Ela não chega com nevoeiro ou geada. Não assombra casarões em ruínas nem charnecas varridas por ventos frios do norte. Ela sobe do calor — da pressão de um sol que não oferece abrigo, de florestas tão vivas que parecem respirar, de um solo que absorveu séculos de violência e se recusa a ficar quieto sobre isso. Ela habita espaços onde a fronteira entre os vivos e os mortos nunca foi tão nítida quanto a modernidade europeia preferia acreditar. Ela fala em línguas montadas a partir dos escombros da conquista — português, iorubá, tupi, os crioulos do Caribe, as orações sincréticas que não pertencem a nenhuma fé singular e a todas elas ao mesmo tempo.
Essa escuridão tem um nome. Chama-se Gothic Tropical — e é uma das tradições literárias intelectualmente mais ricas, emocionalmente mais complexas e pedagogicamente mais subutilizadas do mundo.

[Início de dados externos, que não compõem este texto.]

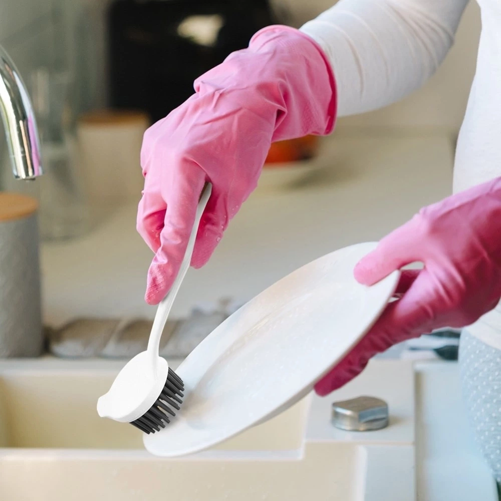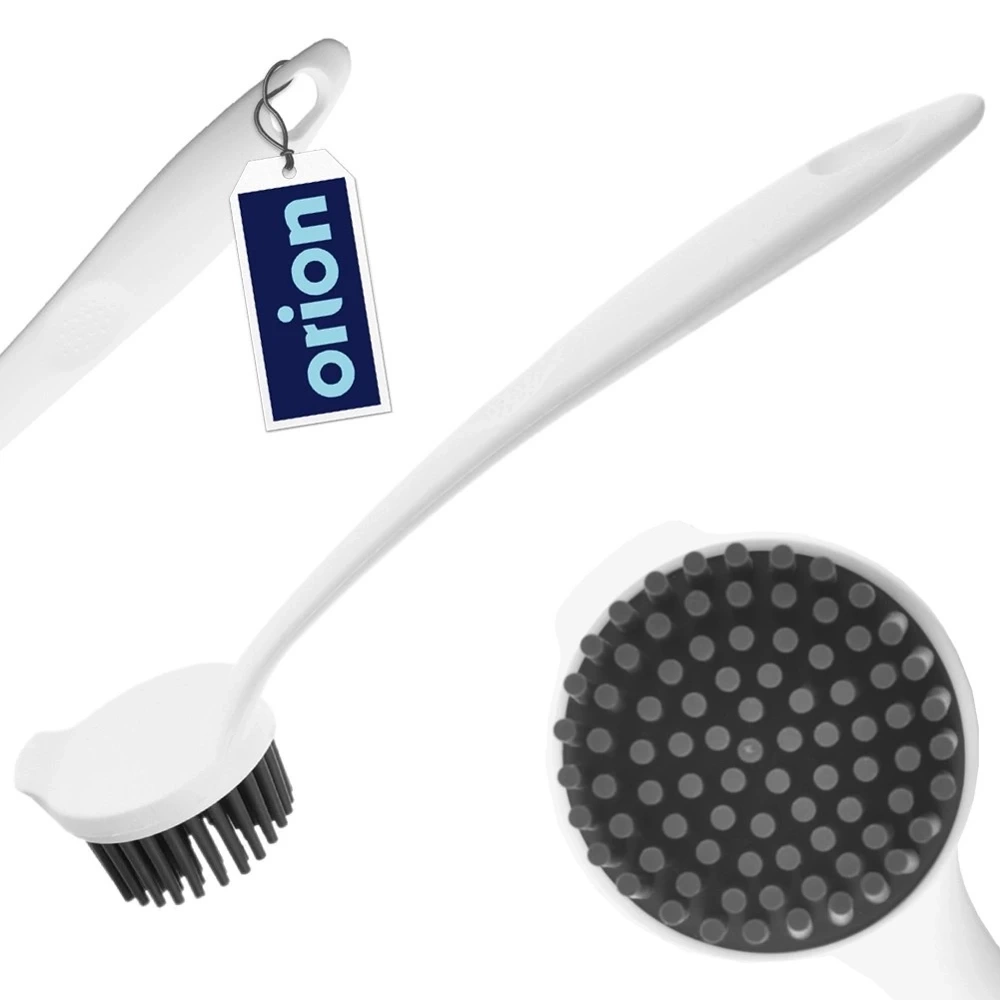 - Praktyczna szczotka kuchenna do mycia naczyń i przyborów kuchennych. Wykonana z tworzywa w kolorze białym a włosie szczotki z silikonu w szarym kolorze.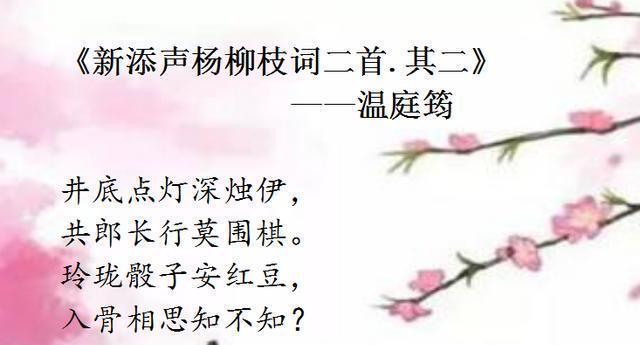 第三首是温庭筠写的《新添声杨柳枝词二首.其二》,这首诗借井底点灯和长行围棋的骰子抒写女子对情郎的眷恋。全诗在语言修辞方面,妙用谐音双关的手法,富有民间的生活气息,表现了极高的艺术水平。这首诗最精粹的地方在于后二句以相思子为喻,寄托女子的挚爱深情。“入骨相思知不知”七个字,乃是全篇的点睛之笔。
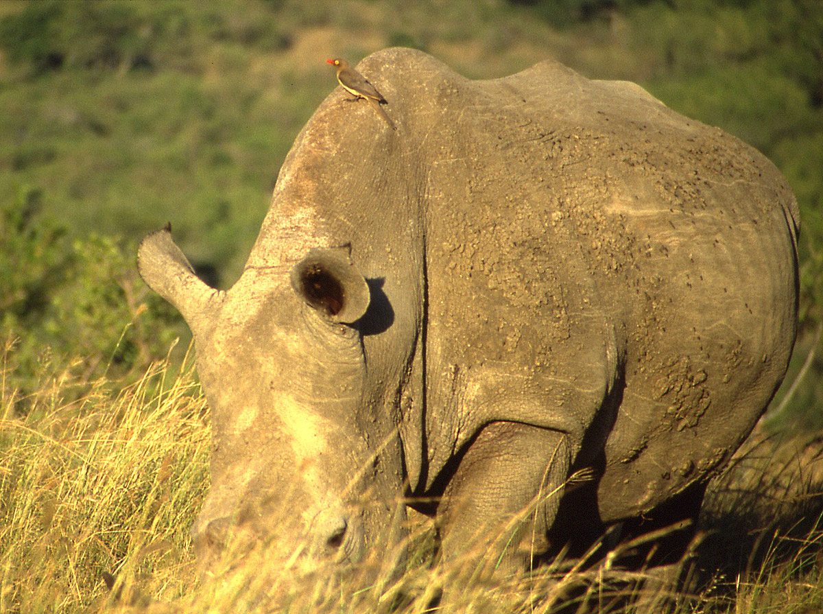 Hier sitzt ein Rotschnabel-Madenhacker (Buphagus erythrorhynchus) auf einem Rhino im Hluluwe-iMfolozi-NP von Südafrika.

Uma Definição que Merece Ser Levada a Sério

Gothic Tropical não é uma categoria de marketing. Não é uma nota de rodapé regional da tradição gótica, da forma como se poderia descrever o "Gótico Americano" como uma variação de um tema europeu. É um modo distinto de horror e do inquietante que emerge de condições históricas, geográficas e culturais específicas — condições fundamentalmente diferentes daquelas que produziram a imaginação gótica europeia.
Onde o Gótico europeu é moldado pelo frio, o Gothic Tropical é moldado pelo calor. Onde o Gótico europeu assombra espaços fechados — o castelo, o laboratório, o quarto lacrado —, o Gothic Tropical assombra espaços abertos: a mata que está em todo lugar, o rio sem fim, a plantação cujas fronteiras foram traçadas em sangue e nunca se dissolveram completamente. Onde a ansiedade central do Gótico europeu é frequentemente o retorno do reprimido — o passado irrompendo pela superfície da modernidade racional —, a ansiedade central do Gothic Tropical é que o passado nunca foi embora. Nunca foi para o subsolo. Ele ainda está aqui: na terra, no corpo, nos rituais sincréticos que fundem orixás africanos com santos católicos, nas histórias populares que codificam simultaneamente séculos de conhecimento ecológico e trauma colonial.
Para dizer de forma simples: o Gótico europeu teme o que pode voltar. O Gothic Tropical sabe que nunca foi embora.

As Condições que o Criaram

O Gothic Tropical não emergiu de um movimento estético ou de uma escola literária. Emergiu da história — especificamente, da história do colonialismo nas regiões tropicais, e do tipo particular de mundo que o colonialismo produziu.
Considere o que o colonialismo produziu no Brasil, no Caribe, na África Ocidental, no Sudeste Asiático: a colisão violenta de cosmologias radicalmente diferentes. As relações indígenas com a terra, o espírito e o mundo não humano. As tradições espirituais africanas transplantadas pelo Atlântico, transformadas sob a escravidão e, ainda assim, sobreviventes — não intactas, mas sobreviventes. O Cristianismo europeu imposto como único quadro legítimo de significado, enquanto tudo o que excedia esse quadro continuava a operar nas sombras — nos quilombos, nos terreiros, nas histórias contadas depois do escurecer.
Dessa colisão nasceu algo extraordinário: uma cultura do inquietante que não é emprestada do Gótico europeu, mas paralela a ele — e em muitos aspectos mais filosoficamente complexa. Os orixás do Candomblé não são demônios no sentido cristão: são forças, presenças, inteligências que existem em relação com os vivos. Os guardiões florestais da tradição indígena brasileira não são monstros no sentido europeu: são agentes morais, executores de uma ética que antecede e excede a lei colonial. A morte, nessas tradições, não é uma fronteira — é uma membrana permeável. Os mortos não foram embora; estão localizados de outra forma.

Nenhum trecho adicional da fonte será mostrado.